Pittman's early advantage over Hall lasted until a flurry in the last 30 seconds of the match, then Hall tied the score. In sudden-death overtime, Pittman scored the first point, pushing and carrying Hall to the edge of the mat for a 5-4 victory.
"I'm one of the smaller heavyweights and also probably one of the most agile," said Pittman, 27.
"My tempo is usually quicker but the mini-tournament really took it out of me. I felt lethargic out there."
Pittman began wrestling in ninth grade in Freeport, New York. He wasn't offered any college scholarships, but went to the University of Kentucky, hoping to be awarded one.
He left Kentucky after the second year and joined the marines, "knowing they had a good program," he said. "I wanted to pursue my goal of making the '84 and '88 Olympic teams."
In the 1984 trials, he lost to eventual gold medalist Steve Frazier. Before he left the military for a second shot at collegiate wrestling at Oklahoma State, he became the first man to win both the Greco-Roman and freestyle classes in the military world championships.
After two years at Oklahoma State, he returned to Quantico, home of the marines' national team.
"I missed the guys back in the corps," he said. "I think in the corps we're a little more disciplined. We've got a number of world class athletes; it's a serious environment.
"I train both styles two times a day. That's my job right now."

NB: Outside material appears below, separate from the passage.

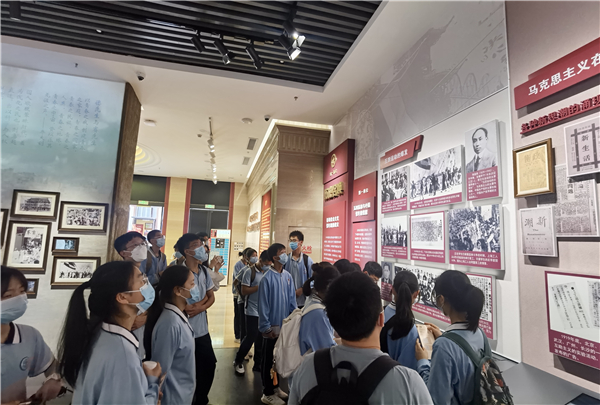 下午一時許,我們來到了位于廣州市越秀區的“團一大”紀念館進行參觀學習。紀念館緊扣“中國共產黨領導下的中國社會主義青年團創建”主題,地上地下共有約1200平方米的展覽面積和展示空間,展示了黨親手締造共青團、指導共青團創建的歷程,歷史再現了共青團歷史上的重大事件、重要人物和重要會議。師生們踏著場館內的“歷史足跡”,追憶起那段“青春”的崢嶸歲月。同學們在一件件歷史文物前駐足觀看,停留良久,這是一場生動的愛國主義教育,團史教育。

Quantico teammate Greg Gibson (220-pound class) offered Pittman the top caliber training partner Pittman said he lacked in college.
Gibson is seeded second in his weight class at the festival and finished second in the 1987 U.S. Open. He also wrestles Greco-Roman style and won the silver medal in the 1984 Olympics.
He will wrestle in his first freestyle match on Wednesday. As the top Greco-Roman seed at 220 pounds, he will not compete in that style until Friday.